I have had the Power Poles fall apart. They will stand no physical stress on them and they are a pain to install.
K0RGR Rating: 5/5 Jul 12, 2012 11:09 Send this review to a friend
I Like Them  Time owned: more than 12 months
The advantages of having common connectors far outweigh the drawbacks. Our radio club has advocated Powerpoles ever since ARES started referring to them as a standard. As a result, it's easy for all of us to swap 12V connections. I have a lot of different rigs at home and they all have Powerpoles, which makes life very easy when moving things around.

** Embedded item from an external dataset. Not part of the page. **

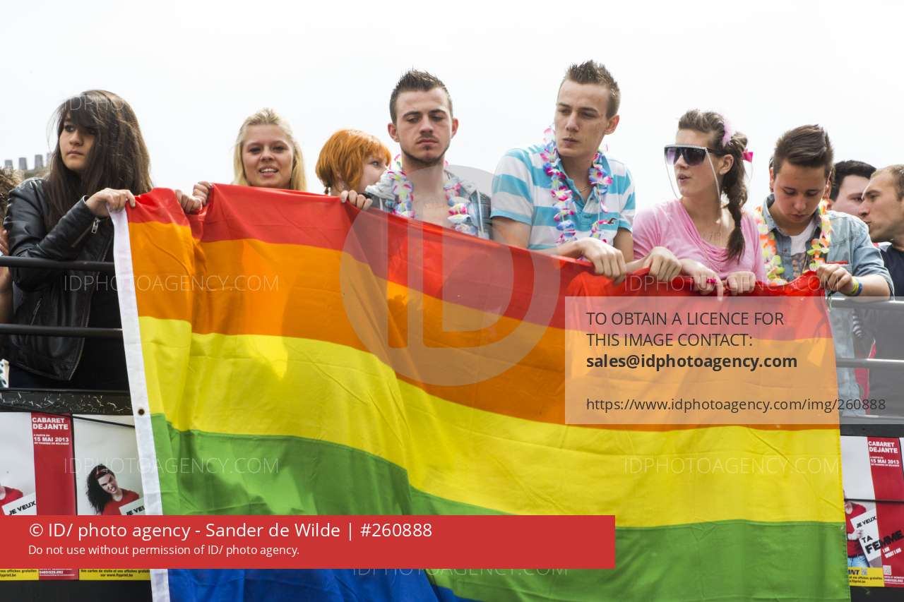 jongeren op parade met regenboogvlag. About 80,000 participants at the Belgian Pride parade. The Pride Parade is an event to celebrate the LGBT Lesbian, gay, bisexual, transgender community and demand equal rights.

In the past, I've used other 'standard' plugs. The problem with Radio Shack connectors is that they have changed what they carry from time to time. There was never any standard on how to wire them, either, so swaps with others were a real problem. And, my pet peeve is that they have to be soldered - AN EXTREMELY DANGEROUS AND BAD IDEA! I have had many Radio Shack connectors develop thermal runaway problems as the contacts get older, resulting in the solder melting and flowing around in and outside of the connector, resulting in lots of smoke, short circuits, and fire - not things I want when I'm mobile.

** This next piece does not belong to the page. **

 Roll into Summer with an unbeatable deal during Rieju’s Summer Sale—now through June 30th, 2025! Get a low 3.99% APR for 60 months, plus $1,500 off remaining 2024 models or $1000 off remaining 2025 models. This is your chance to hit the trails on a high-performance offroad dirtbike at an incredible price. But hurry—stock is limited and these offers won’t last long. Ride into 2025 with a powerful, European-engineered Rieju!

Even the 'standard' trailer connectors have changed over time. My second choice would be 'bullet' connectors, but they would be easy to get the polarity backwards, and some of these fine rigs on the market today have been built with no polarity protection. At least if you follow the color code and the published standard for assembling them, you can't get the Powerpoles backwards.

Powerpoles do take some experience to learn how to assemble, and if you don't use something to keep them from coming apart, you can have problems. But, all it takes is a very small cable tie or even a small piece of wire looped through the connector holes, and all those problems go away.
A good set of crimpers is important. DON'T SOLDER THEM. I haven't had any thermal runaway issues with Powerpoles to this point, nor bad connections due to corroded pins.
W5LZ Rating: 4/5 Jul 12, 2012 09:24 Send this review to a friend
Not fool-proof, but good.  Time owned: more than 12 months
There's no such thing as a 'fool-proof' connector. It depends on how large a 'fool' you have to deal with. It also depends on knowing how and when to use them, they are not the 'end all' of connectors.
No strain relief? Then you aren't following instructions, or expect to tow a car with them?
Reversing polarity? Know how to use the color coding and then USE that color coding. Still have to put them together right.
They still work very nicely.
- Paul

Using the proper tools is also nice...
Don't like them? Hey, good! Send them to me. I'll hold my breath.
K7SUB Rating: 1/5 Jul 12, 2012 06:58 Send this review to a friend
A product of hype  Time owned: more than 12 months
The "Standardized Connector" hype is pretty much a joke if you think about it. They are difficult to assemble, polarity can be switched, and they literaly fall apart. For anything up to 20 amps, I use the Radio Shack connectors which are keyed, self locking, cheaper, and no harder to assemble than powerpoles.